TASK BRIEF: After locating the line containing "2020级旅游管理卓越班王亚" in the entries below, please write out that line and the rest through the end exactly. Omit pictures.
SOURCE INFORMATION START
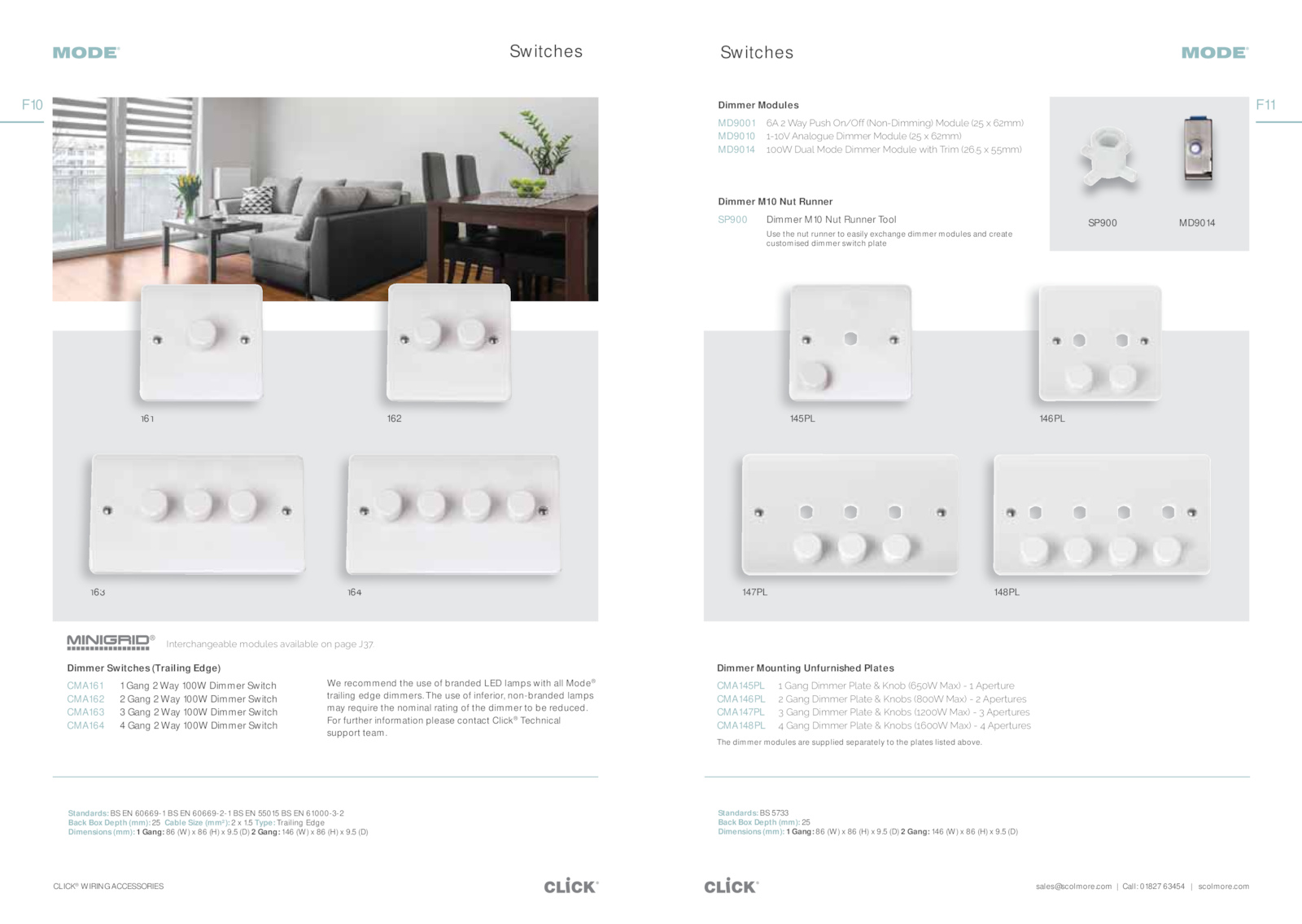 The use inferior, non-branded lamps may require the nominal rating the dimmer reduced.5 (D) NœƖĎƂāĮåœħĎåĀʼnĎ΄őŜĈƞʼnĎƊ΄åƵåijʼnåĀʼnĎ΄Ŝœ΄ſåħĎ΄]̈̌͟ Switches Dimmer Switches (Trailing Edge) CMA161 Gang Way 100W Dimmer Switch CMA162 Gang Way 100W Dimmer Switch CMA163 Gang Way 100W Dimmer Switch CMA164 Gang Way 100W Dimmer Switch We recommend the use branded LED lamps with all Mode® trailing edge dimmers. For further information please contact Click® Technical support team.sales@scolmore.5 (D) Gang: 146 (W) (H) 9.5 (D) Gang: 146 (W) (H) 9.5 Type: Trailing Edge Dimensions (mm): Gang: (W) (H) 9.5 (D) 145PL 147PL 148PL 146PL Dimmer Modules MD9001 ̋΄̇΄ÎåƼ΄ƞƊĮ΄tœͥtĦĦ΄ͬkŜœͲ$ijőőijœħͭ΄iŜĈƞʼnĎ΄ͬ̇̊΄ƻ΄̋̇őőͭ MD9010 ̆Ͳ̆̅Í΄œåʼnŜħƞĎ΄$ijőőĎƂ΄iŜĈƞʼnĎ΄ͬ̇̊΄ƻ΄̋̇őőͭ MD9014 ̆̅̅Î΄$ƞåʼn΄iŜĈĎ΄$ijőőĎƂ΄iŜĈƞʼnĎ΄ƶijƖĮ΄¯Ƃijő΄ͬ̇̋̊͟΄ƻ΄̊̊őőͭ SP900 MD9014 Dimmer M10 Nut Runner SP900 Dimmer M10 Nut Runner Tool Use the nut runner easily exchange dimmer modules and create customised dimmer switch plate 162 6 6 6 .com Call: 01827 63454 scolmore.com CLICK® WIRING ACCESSORIES F11 F10 Standards: 60669-1 60669-2-1 55015 61000-3-2 Back Box Depth (mm): Cable Size (mm²): 1. 161 163 164 162 Switches Dimmer Mounting Unfurnished Plates CMA145PL ̆΄Båœħ΄$ijőőĎƂ΄ʼnåƖĎ΄π΄_œŜĀ΄ͬ̋̊̅Î΄iåƻͭ΄Ͳ΄̆΄ſĎƂƖƞƂĎ CMA146PL ̇΄Båœħ΄$ijőőĎƂ΄ʼnåƖĎ΄π΄_œŜĀƊ΄ͬ̍̅̅Î΄iåƻͭ΄Ͳ΄̇΄ſĎƂƖƞƂĎƊ CMA147PL ̈΄Båœħ΄$ijőőĎƂ΄ʼnåƖĎ΄π΄_œŜĀƊ΄ͬ̆̇̅̅Î΄iåƻͭ΄Ͳ΄̈΄ſĎƂƖƞƂĎƊ CMA148PL ̉΄Båœħ΄$ijőőĎƂ΄ʼnåƖĎ΄π΄_œŜĀƊ΄ͬ̆̋̅̅Î΄iåƻͭ΄Ͳ΄̉΄ſĎƂƖƞƂĎƊ The dimmer modules are supplied separately the plates listed above. Standards: 5733 Back Box Depth (mm): 25 Dimensions (mm): Gang: (W) (H) 9
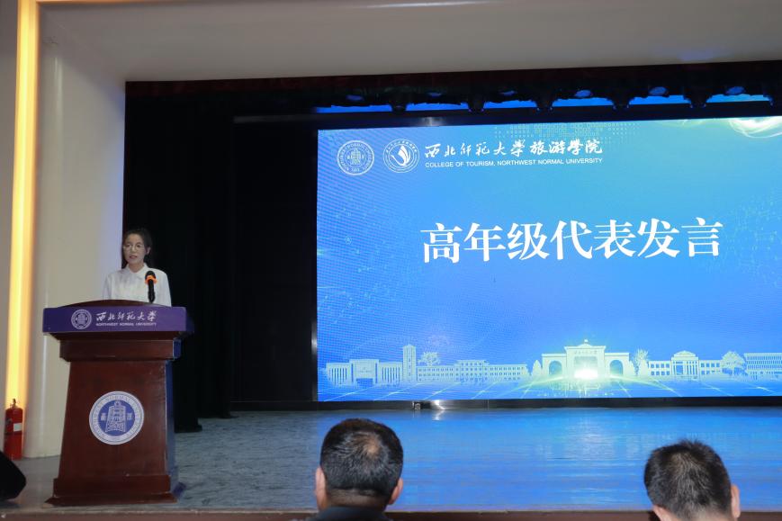2020级旅游管理卓越班王亚琴代表高年级同学发言,热忱真挚地分享了大学三年的心路历程和在创新创业竞赛、志愿服务、社会实践和社团管理等方面的收获与经验,希望同学们在大学里不要随波逐流,做真正的自己;树立良好的时间观念,对自己主动严格要求;不要过于功利,做事重视过程。
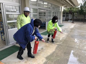 - その他の訓練としては、避難者カードの記入や、水消火器による放水訓練をまた災害が起きた場合の注意事項などの説明を行いました。
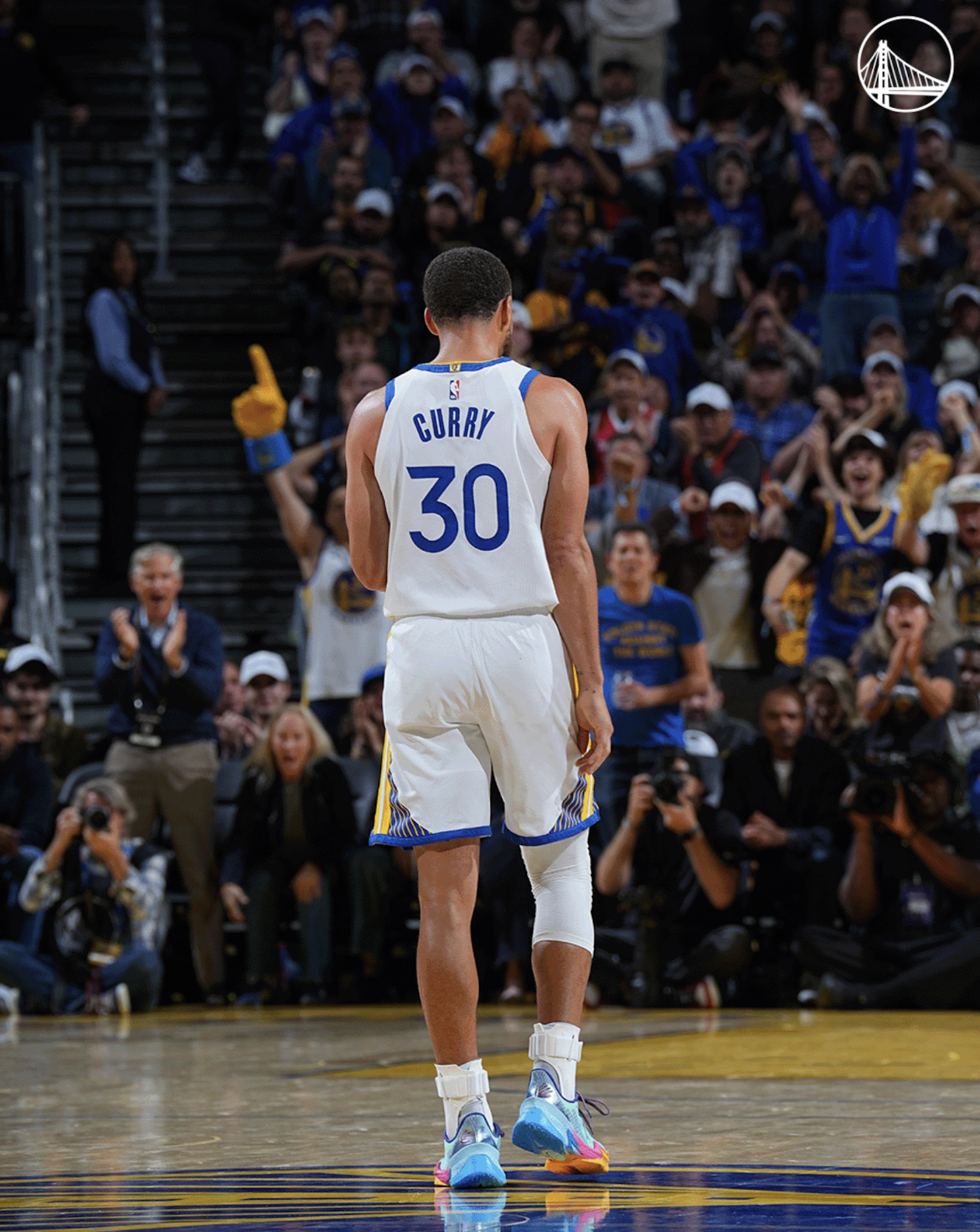 勇士官媒更新了X,平分曬出了球員斯蒂芬-庫里的勇士賽場照。
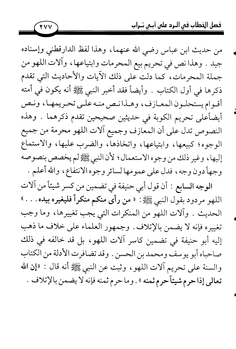 الوجه السابع: أن قول أبي حنيفة في تضمين من كسر شيئاً من آلات اللهو مردود بقول النبي صلى الله عليه وسلم: «من رأى منكم منكراً فليغيره بيده. . .» الحديث. آلات اللهو من المنكرات التي يجب تغييرها، وما وجب تغييره فإنه لا يضمن بالإتلاف. وجمهور العلماء على خلاف ما ذهب إليه أبو حنيفة في تضمين كاسر آلات اللهو، بل قد خالفه في ذلك صاحباه أبو يوسف ومحمد بن الحسن. وقد تضافرت الأدلة من الكتاب والسنة على تحريم آلات اللهو، وثبت عن النبي صلى الله عليه وسلم أنه قال: «إن الله تعالى إذا حرم شيئاً حرم ثمنه». وما حرم ثمنه فإنه لا يضمن بالإتلاف.
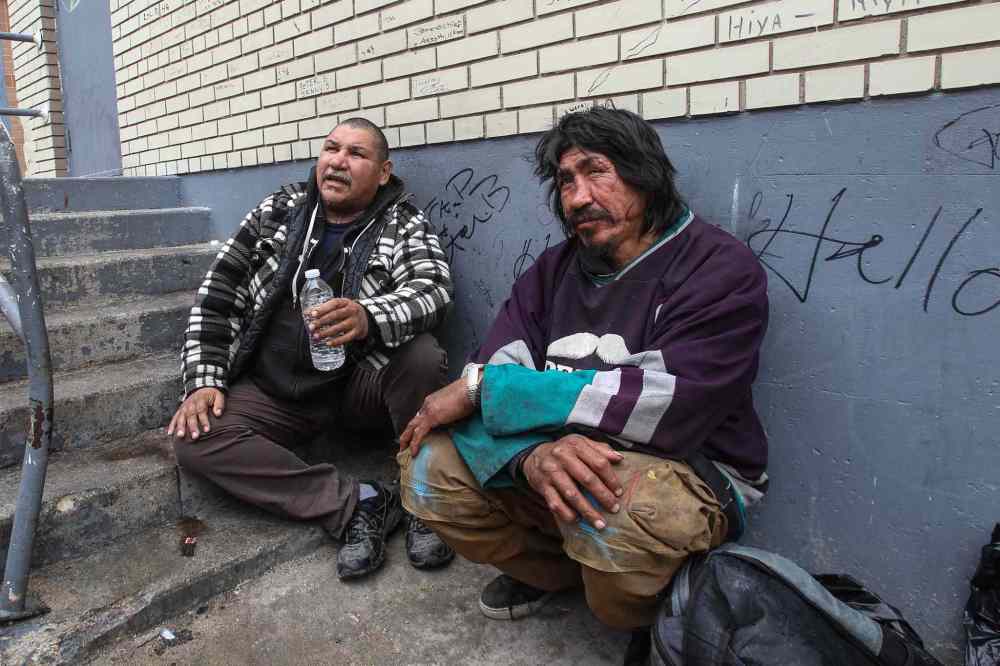 In a back alley close to Main Street, cousins Doug Ballantyne (left) and Peter Blackhawk take care of each other as part of their life on the street.
SOURCE INFORMATION END
ANSWER FOR THIS EXERCISE:
2020级旅游管理卓越班王亚琴代表高年级同学发言,热忱真挚地分享了大学三年的心路历程和在创新创业竞赛、志愿服务、社会实践和社团管理等方面的收获与经验,希望同学们在大学里不要随波逐流,做真正的自己;树立良好的时间观念,对自己主动严格要求;不要过于功利,做事重视过程。
 - その他の訓練としては、避難者カードの記入や、水消火器による放水訓練をまた災害が起きた場合の注意事項などの説明を行いました。
 勇士官媒更新了X,平分曬出了球員斯蒂芬-庫里的勇士賽場照。
 الوجه السابع: أن قول أبي حنيفة في تضمين من كسر شيئاً من آلات اللهو مردود بقول النبي صلى الله عليه وسلم: «من رأى منكم منكراً فليغيره بيده. . .» الحديث. آلات اللهو من المنكرات التي يجب تغييرها، وما وجب تغييره فإنه لا يضمن بالإتلاف. وجمهور العلماء على خلاف ما ذهب إليه أبو حنيفة في تضمين كاسر آلات اللهو، بل قد خالفه في ذلك صاحباه أبو يوسف ومحمد بن الحسن. وقد تضافرت الأدلة من الكتاب والسنة على تحريم آلات اللهو، وثبت عن النبي صلى الله عليه وسلم أنه قال: «إن الله تعالى إذا حرم شيئاً حرم ثمنه». وما حرم ثمنه فإنه لا يضمن بالإتلاف.
 In a back alley close to Main Street, cousins Doug Ballantyne (left) and Peter Blackhawk take care of each other as part of their life on the street.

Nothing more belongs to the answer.